Requirement
For the data that follows, print the line with "Budapest XIX. Kispest", the line with "曼之夏 2022新款全棉清新印花单被套 草莓奶熊", and all lines between them, exactly as they stand. Omit pictures and add nothing.

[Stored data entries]
☆ ☆ ☆ ☆ ☆ ☆ ☆
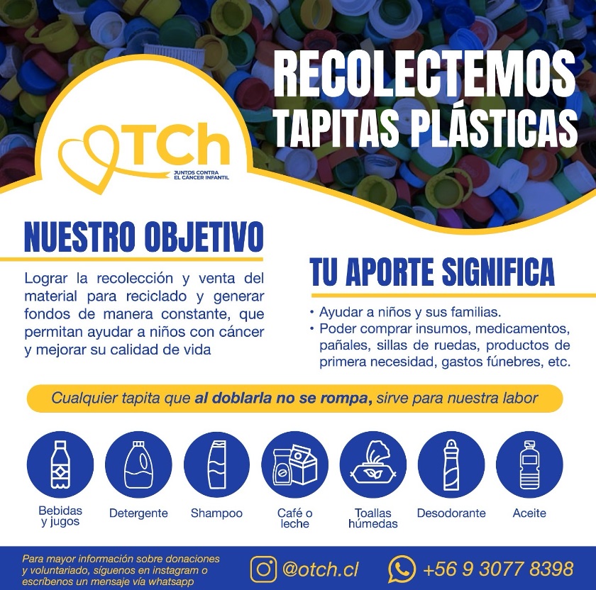 La recolección de tapas plásticas es una iniciativa que busca reducir la cantidad de plástico que termina en los vertederos y los océanos. Estas tapas, que a menudo se pasan por alto, pueden tener un impacto devastador en la vida marina y en los ecosistemas. Al reciclarlas, por un lado, se disminuye la demanda de nuevos plásticos y se promueve una economía circular más sostenible y por otro, ayuda a fundaciones que luchan contra el cáncer infantil como lo es OncoTapitasChile quienes buscan recolectar y vender material para reciclado y generar fondos que permitan ayudar a niños que padecen esta enfermedad.
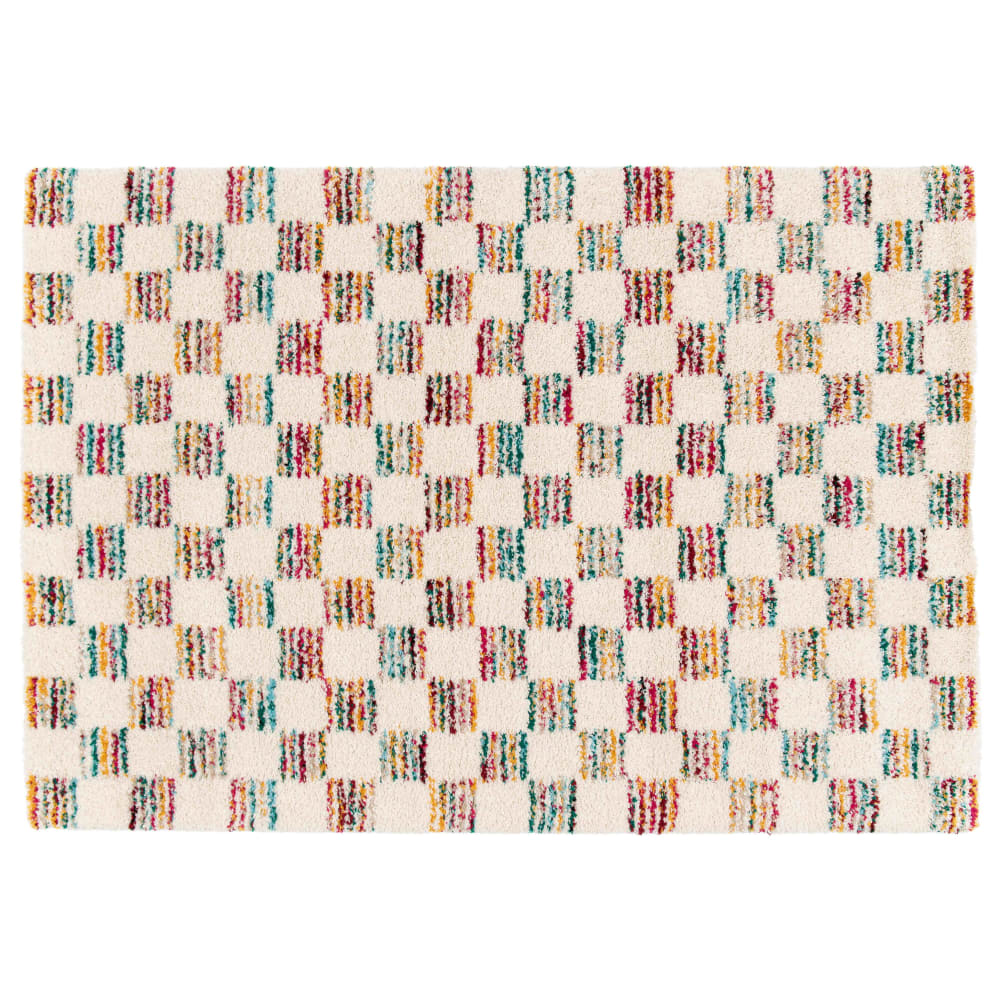 Tappeto a pelo lungo con motivo quadrato multicolore 120 x 170 cm
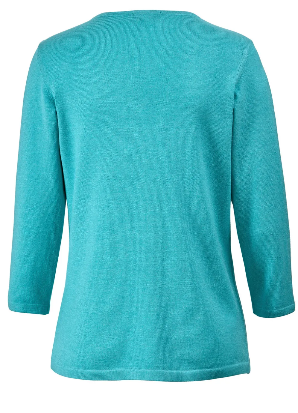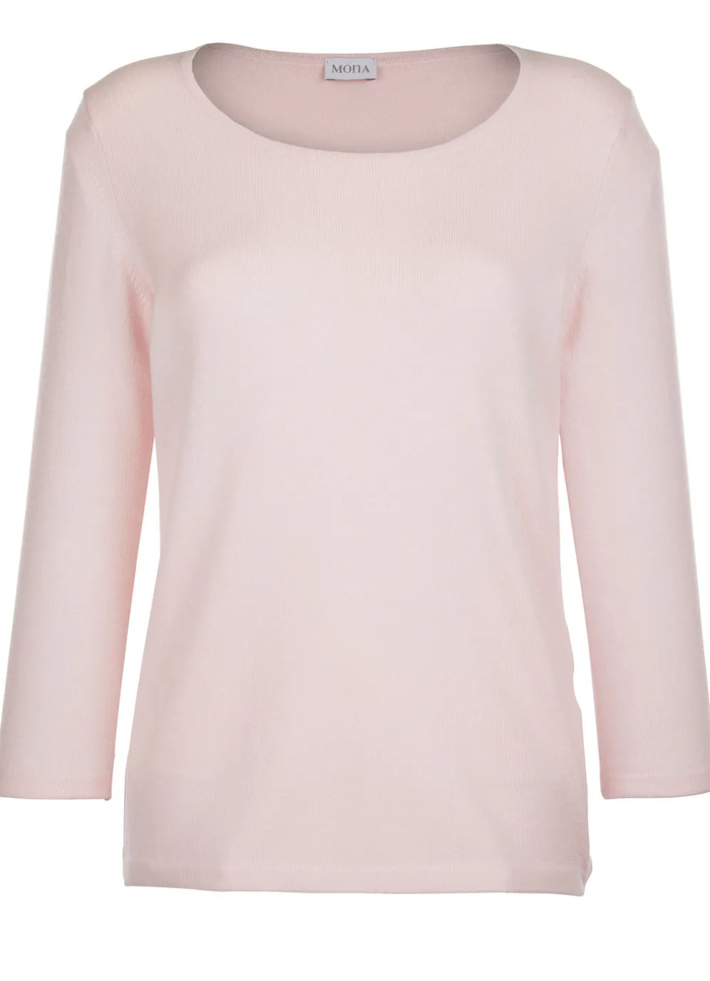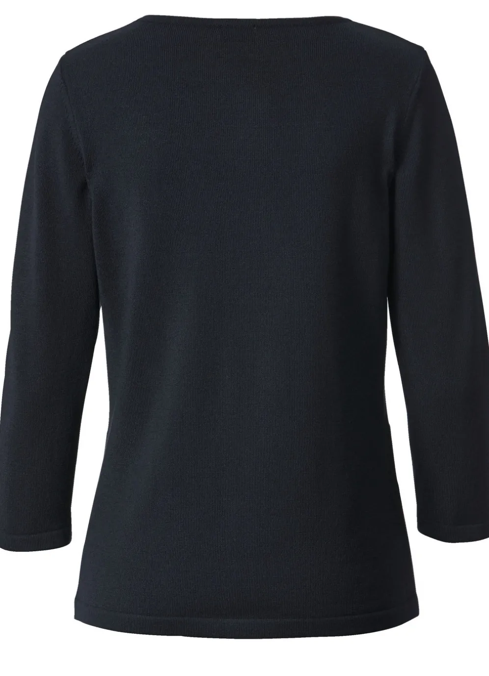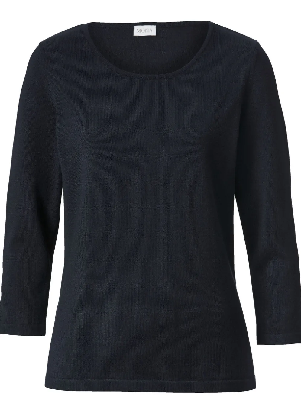 Pullover: Rundhals, 3/4-lange Ärmel, leicht tailliert, weich fließend.
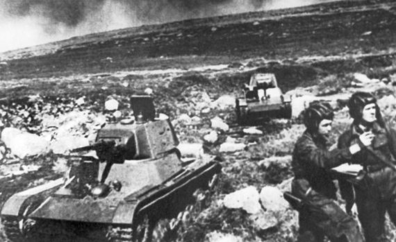 Комиссар танкового батальона товарищ Коллеров проверяет готовность «Т-40» к бою
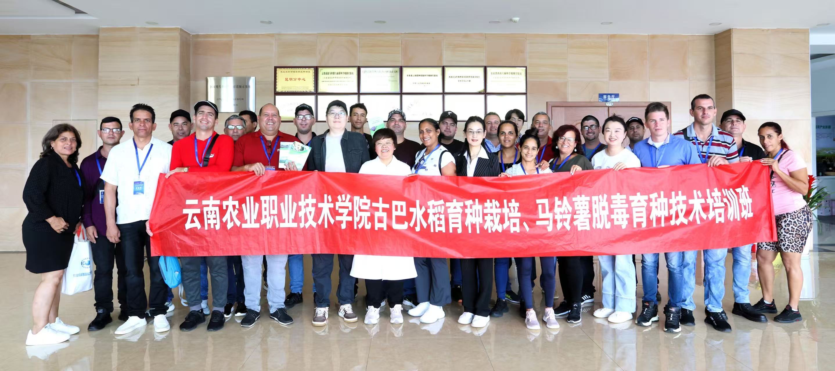 best365为25名古巴学员提供了全方位实训支持,全程保障教学活动有序开展。通过参观考察、专业实践、座谈交流、课堂教学等多种形式,学员收获满满。培训期间,学员们实践参观了best365马铃薯脱毒实验室、云南省农业科学院经济作物研究所(嵩明基地)、核桃箐梦回稻香谷乡村、云南泵龙马铃薯种植有限公司等,学习了观赏性水稻种植技术、马铃薯从生产种植到精深加工技术、马铃薯晚疫病智能诊断与监测预警技术、马铃薯水培苗扦插扩繁技术、马铃薯种薯脱毒技术等专业知识。
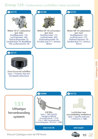 Groep 129 : Carburateur, Luchtfilter, Inlaat spruitstuk
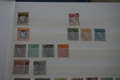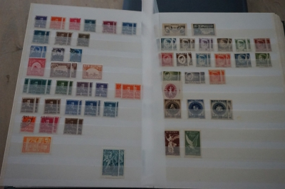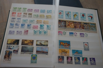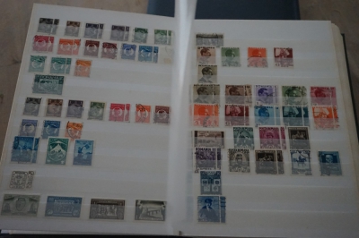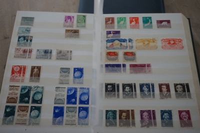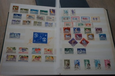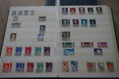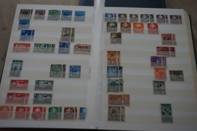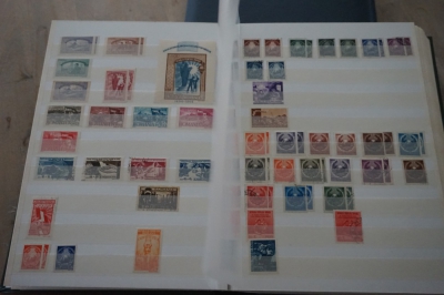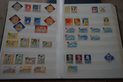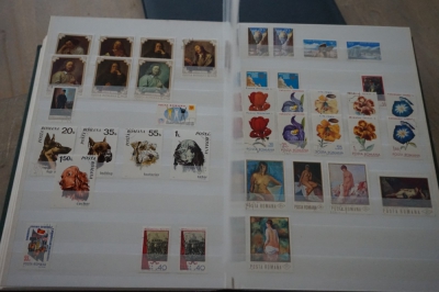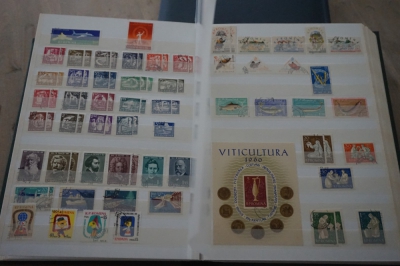 Dik insteekboek met keurige verzameling postzegels Roemenië tot 1973 incl. hogere waarden zoals blok 101 en 103 (€ 120).
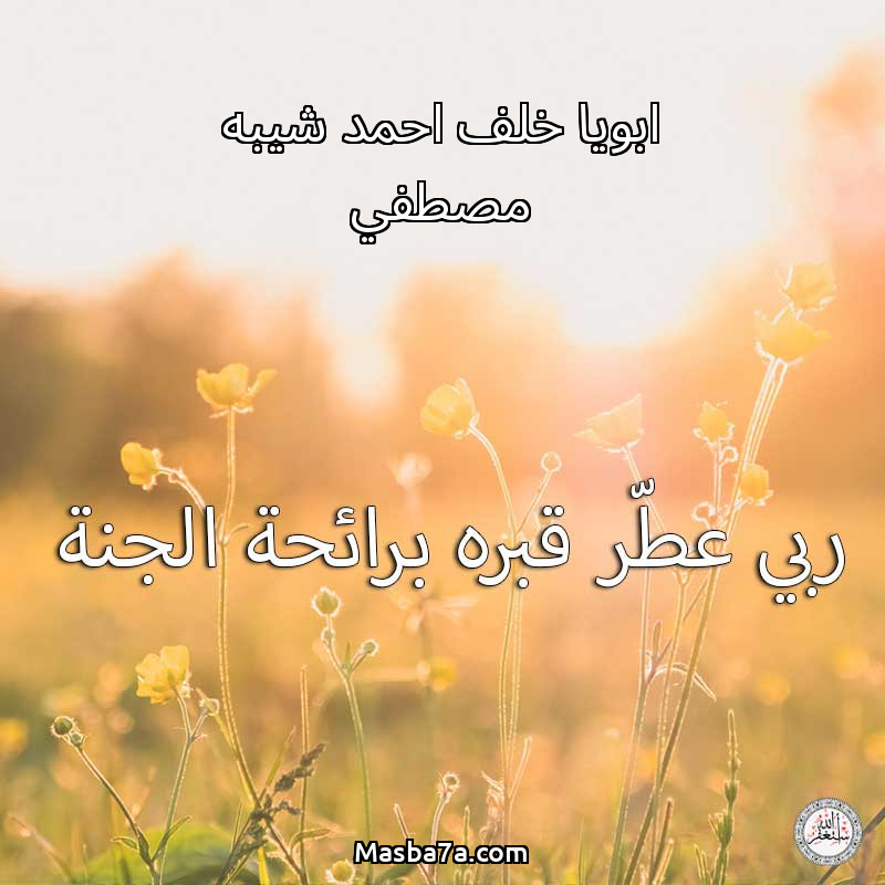 اللهم ارحم ( ابويا خلف احمد شيبه مصطفي ) وانس وحشته واجمعنا به في جنتك ، اللهم ارحمه بقدر شوقنا له اللهم ارحمه واغفر له .
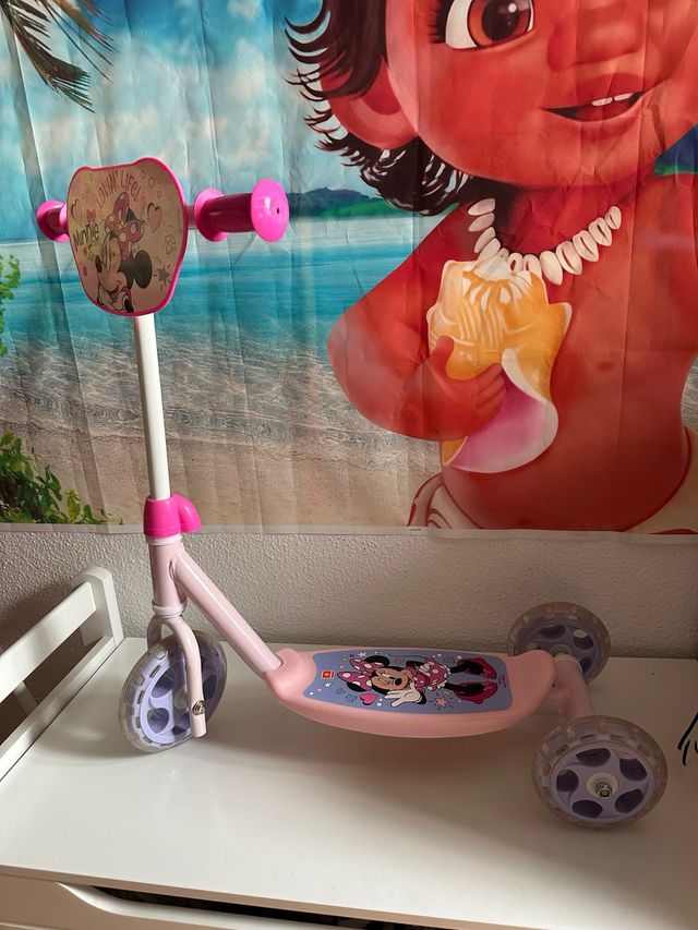 Patinete de tres ruedas con diseño de “Minnie Mouse” en color rosa. - Manillar ajustable en altura. - Ruedas transparentes con luces. - Plataforma decorada con Minnie Mouse.
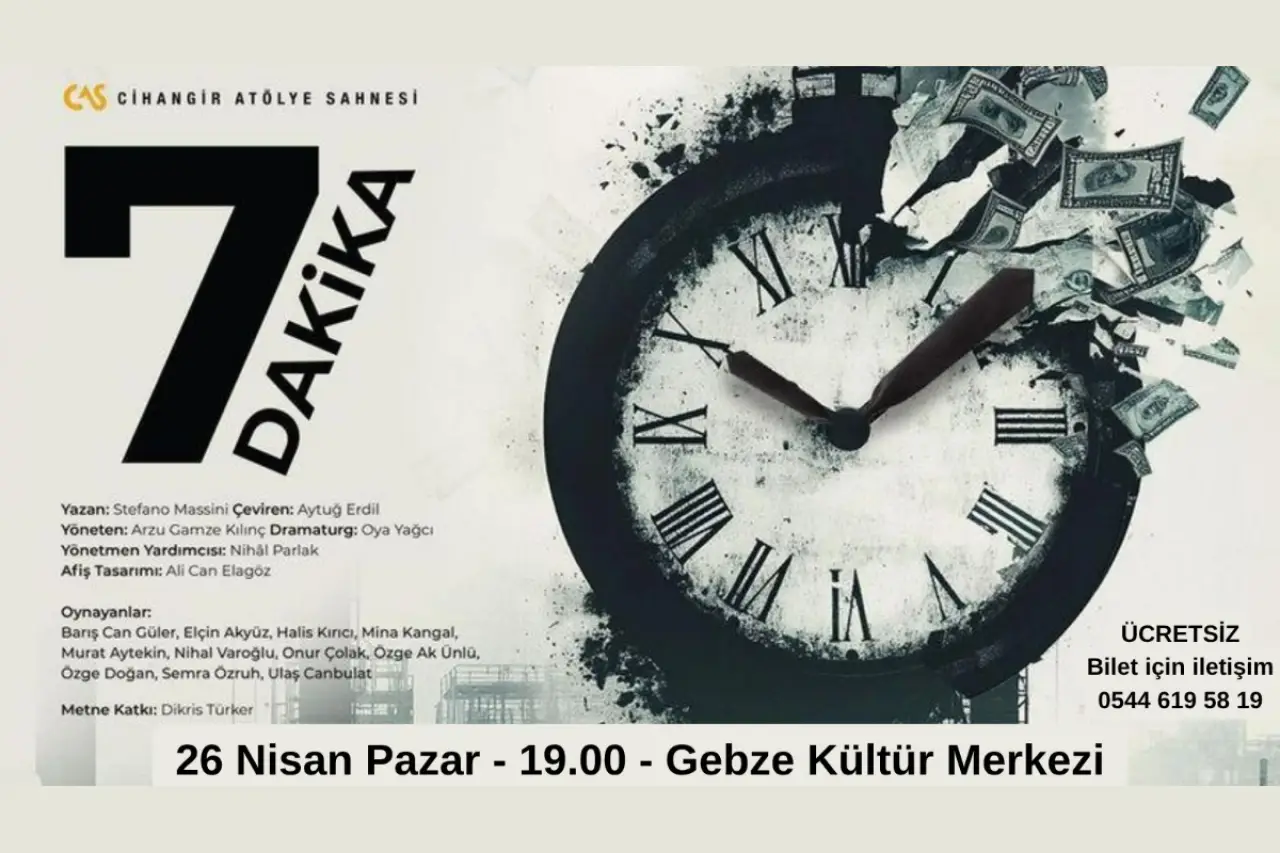 Cihangir Atölye Sahnesi, işçi hakları ve dayanışmayı konu alan “7 Dakika” oyununu 26 Nisan’da Gebze Kültür Merkezi’nde ücretsiz sahneleyecek. Oyun, Gebzeli işçilerle 1 Mayıs öncesi buluşacak.
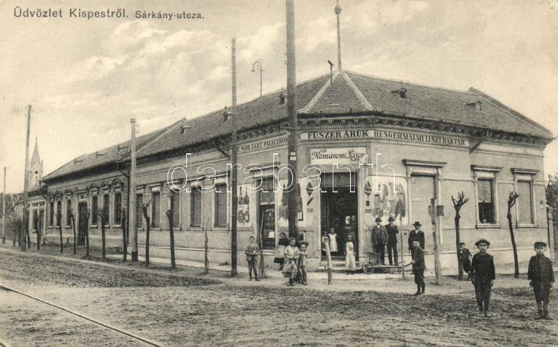 Budapest XIX. Kispest Sárkány utca, Komáromi Lajos vegyeskereskedése; ... https://www.darabanth.com/hu/223-Gyorsarveres/223.0/Kepeslapok/Magyarorszag~20006/Budapest-XIX-Kispest-Sarkany-utca-Komaromi-Lajos-vegyeskereskedese-kiadja-Fischhof-Henrik-ko~II967073
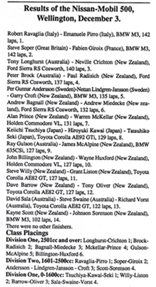 Nissan Mobil 500 Races - VHS videos and official results/entry lists
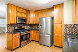 Spacious kitchen equipped with updated appliances, ample cabinet space, and a convenient layout to make cooking a breeze.
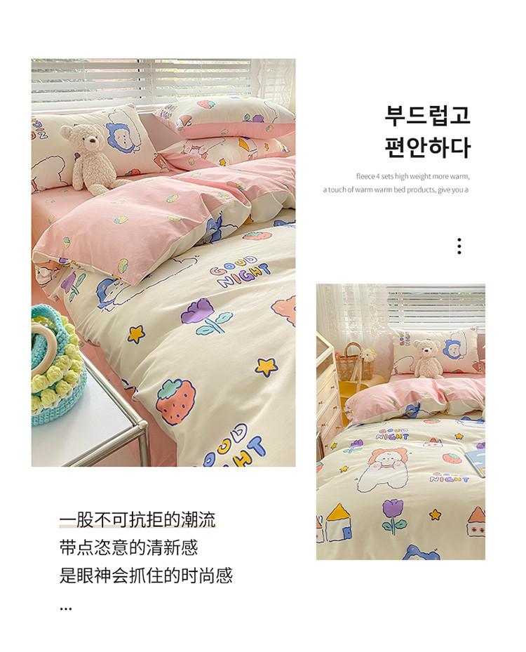 • 91家纺网 家纺一手货源 找家纺 曼之夏 2022新款全棉清新印花单被套 草莓奶熊
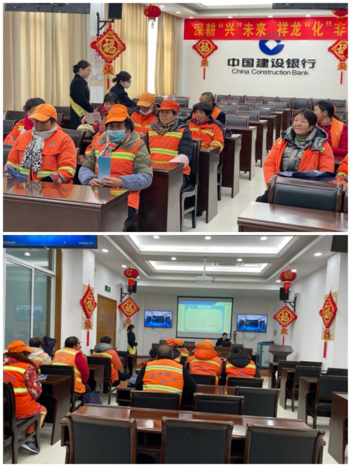 兴化支行志愿服务队深入社区,邀请兴化市环卫处职工走进建行开展金融知识教育宣传活动,提升金融消费者金融素养和风险防范意识。
☆ ☆ ☆ ☆ ☆ ☆ ☆
Response box
 Budapest XIX. Kispest Sárkány utca, Komáromi Lajos vegyeskereskedése; ... https://www.darabanth.com/hu/223-Gyorsarveres/223.0/Kepeslapok/Magyarorszag~20006/Budapest-XIX-Kispest-Sarkany-utca-Komaromi-Lajos-vegyeskereskedese-kiadja-Fischhof-Henrik-ko~II967073
 Nissan Mobil 500 Races - VHS videos and official results/entry lists
 Spacious kitchen equipped with updated appliances, ample cabinet space, and a convenient layout to make cooking a breeze.
 • 91家纺网 家纺一手货源 找家纺 曼之夏 2022新款全棉清新印花单被套 草莓奶熊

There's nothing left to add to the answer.